*** Begin section ***

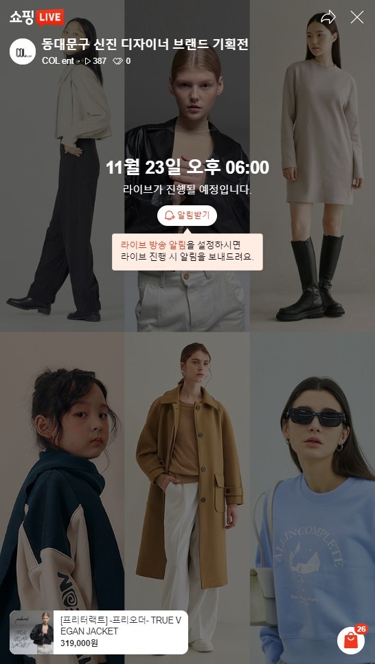 | ▲ 23일 오후 6시 오픈 예정인 ‘동대문구 신진 디자이너 브랜드 기획전’ 네이버 쇼핑라이브 페이지 (사진제공=동대문구청) |
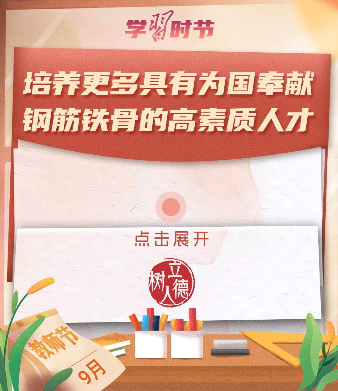 “百年大計,教育為本。教育大計,教師為本?!秉h的十八大以來,習(xí)近平總書記多次以書信形式向教師群體和教育工作者表達囑托與期望,諄諄話語,催人奮進。在第四十個教師節(jié)到來之際,讓我們一起重溫總書記的諄諄寄語!
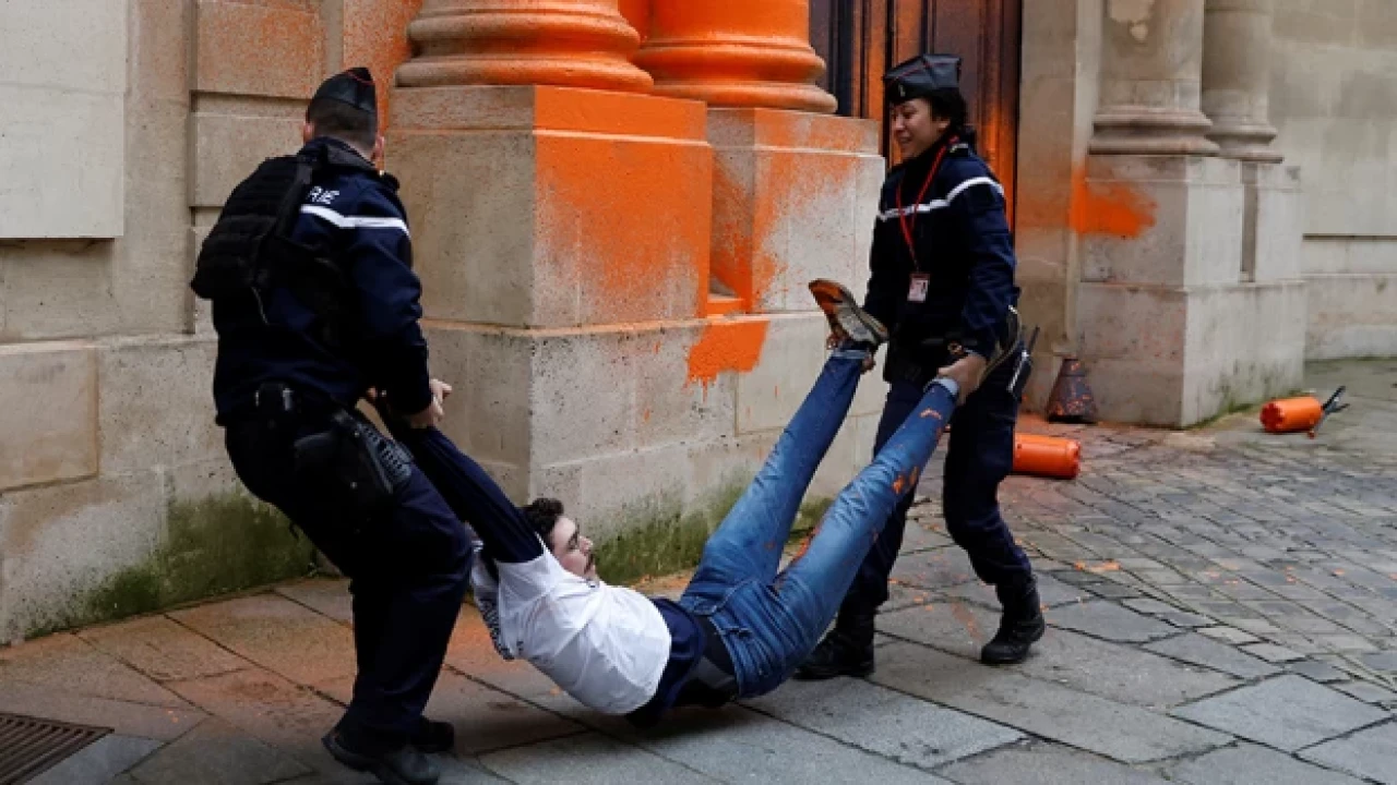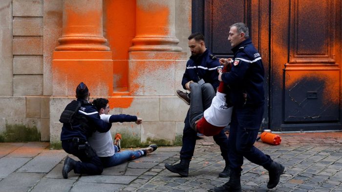 Twitter’da “FransızGastesi” hesabının paylaştığı videoda ise iklim aktivistlerinin Fransa Ekolojik Dönüşüm Bakanlığı binasını turuncuya boyadığı anlar görüldü.
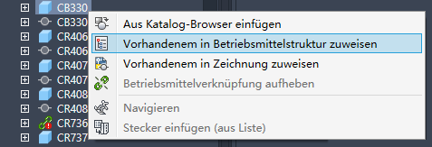 4. Wählen Sie in der Betriebsmittel-Strukturansicht das elektrische Betriebsmittel aus, das mit dem Inventor-Bauteil verknüpft werden soll. Die Betriebsmittel-Strukturansicht wird automatisch aktualisiert, um das verknüpfte Betriebsmittel anzuzeigen.
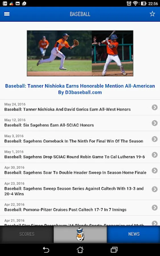 Created by PrestoSports in partnership with Pomona-Pitzer Athletics, Sagehens Front Row gives fans access to score updates, statistics and game recaps.
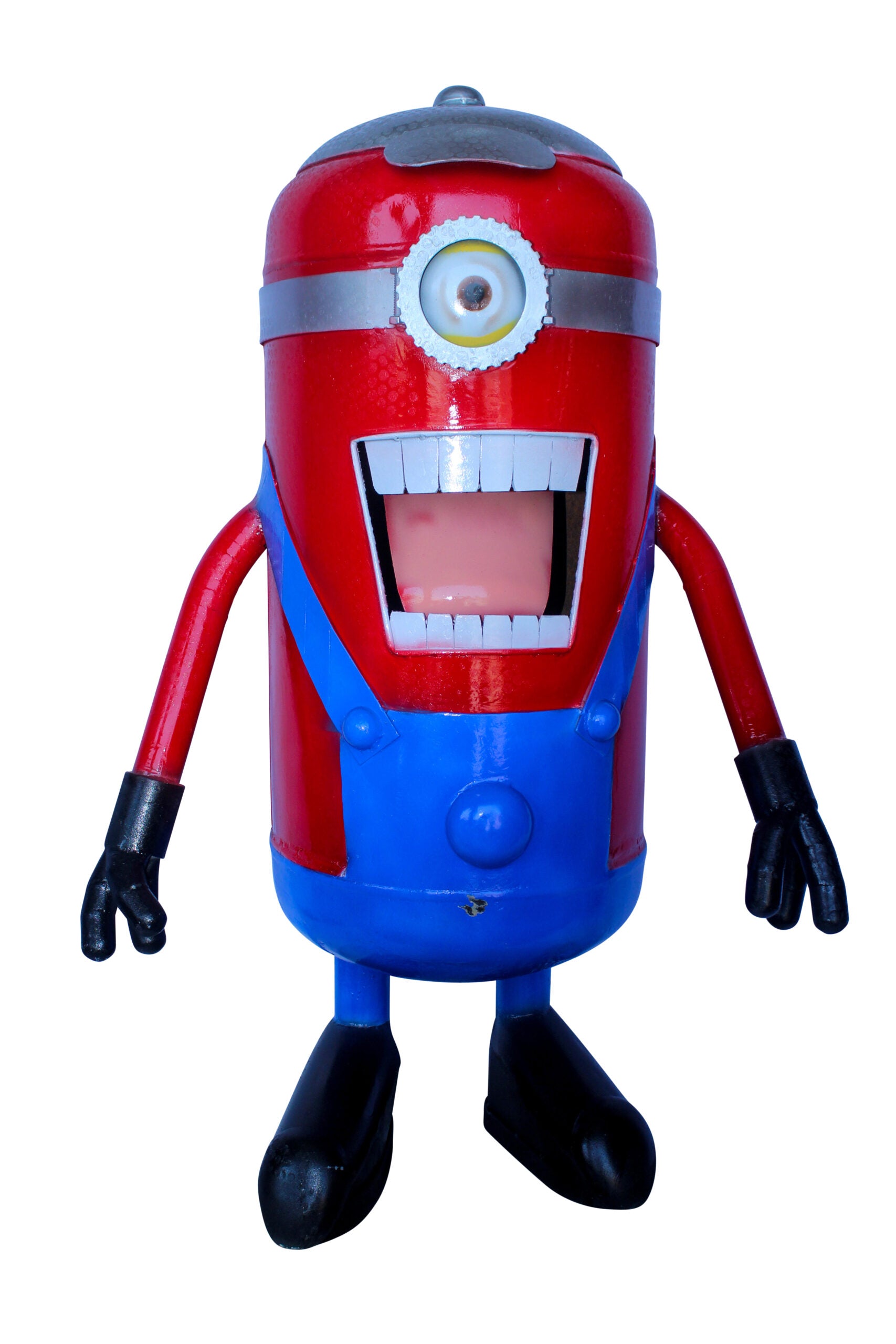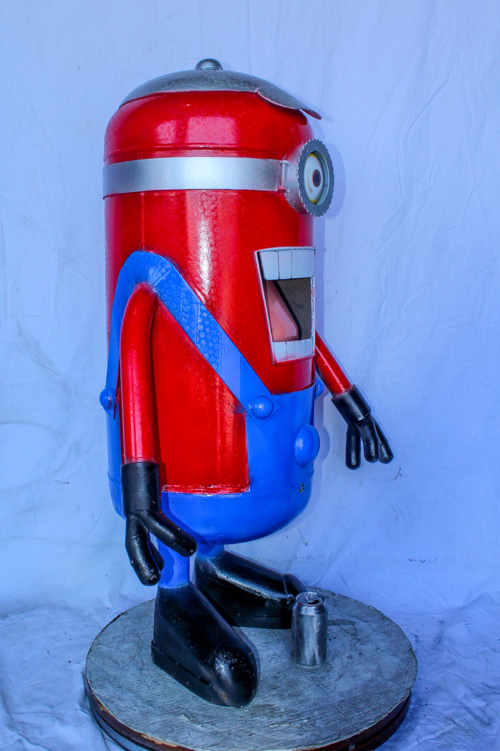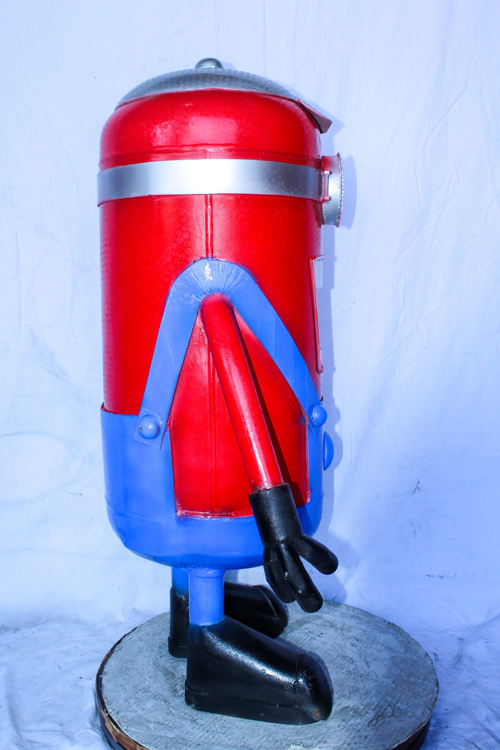 Comical Metal Scrap Statue of Boy With One Eye, Whimsical Art 28" x 15" x 42"H
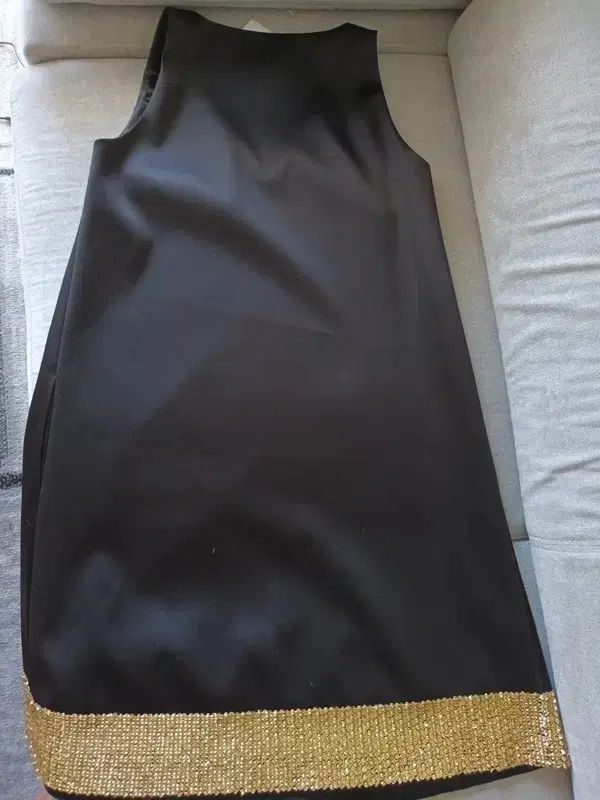 光沢のある黒のドレスに最後にゴールドビーズがアクセントになった豪華なドレスです。
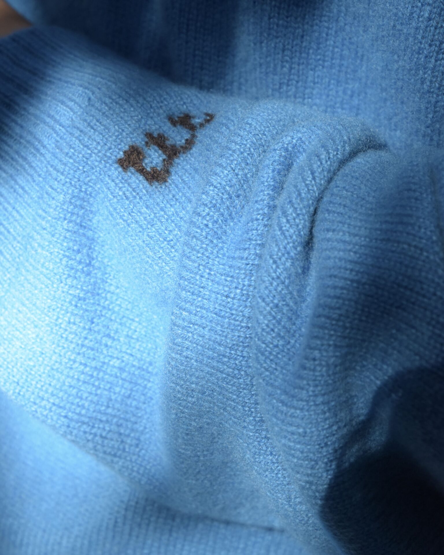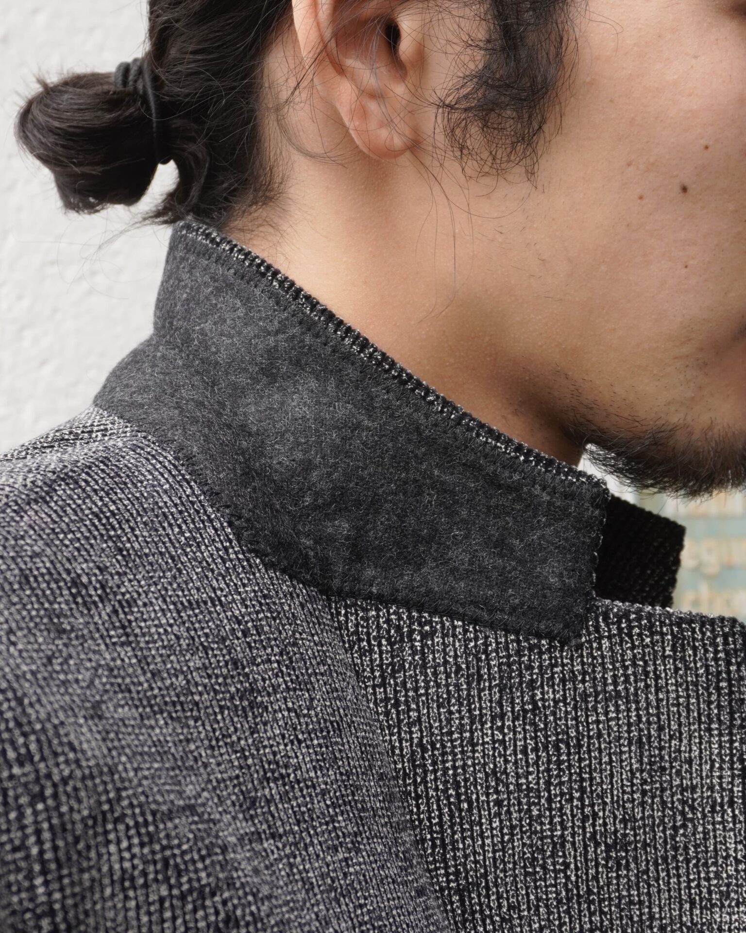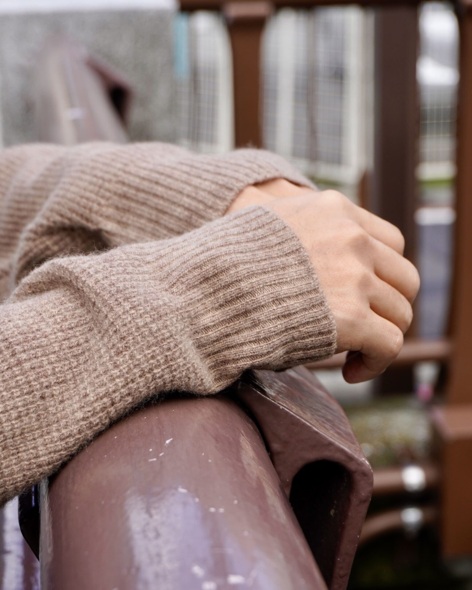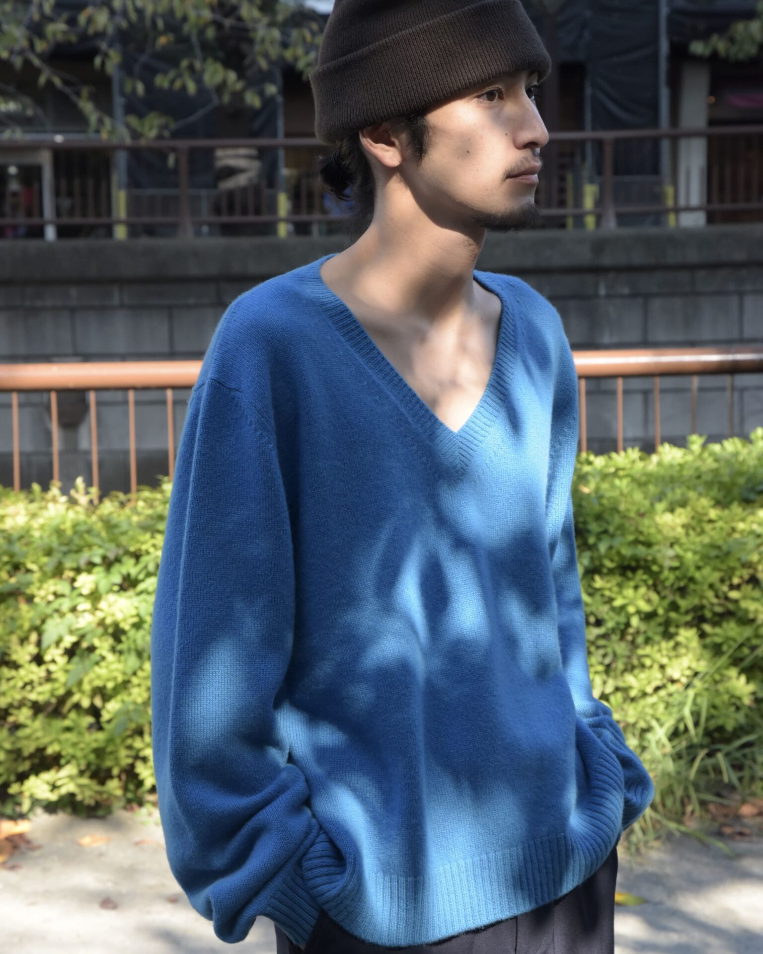 着続けていくと、ねじって編み込まれた生地感は無機質でのぺっとしたものから奥行きのある柔らかい表情へと変わり、着用するほどに空気を含み、ふわっとしたカシミヤ本来の姿に成長を遂げます。

*** End section ***

*TASK STATEMENT*
Please copy exactly the lines from the one containing "Created by PrestoSports" through the last line of the records above, both included, and leave out any pictures.

*EXERCISE RESPONSE*
 Created by PrestoSports in partnership with Pomona-Pitzer Athletics, Sagehens Front Row gives fans access to score updates, statistics and game recaps.
 Comical Metal Scrap Statue of Boy With One Eye, Whimsical Art 28" x 15" x 42"H
 光沢のある黒のドレスに最後にゴールドビーズがアクセントになった豪華なドレスです。
 着続けていくと、ねじって編み込まれた生地感は無機質でのぺっとしたものから奥行きのある柔らかい表情へと変わり、着用するほどに空気を含み、ふわっとしたカシミヤ本来の姿に成長を遂げます。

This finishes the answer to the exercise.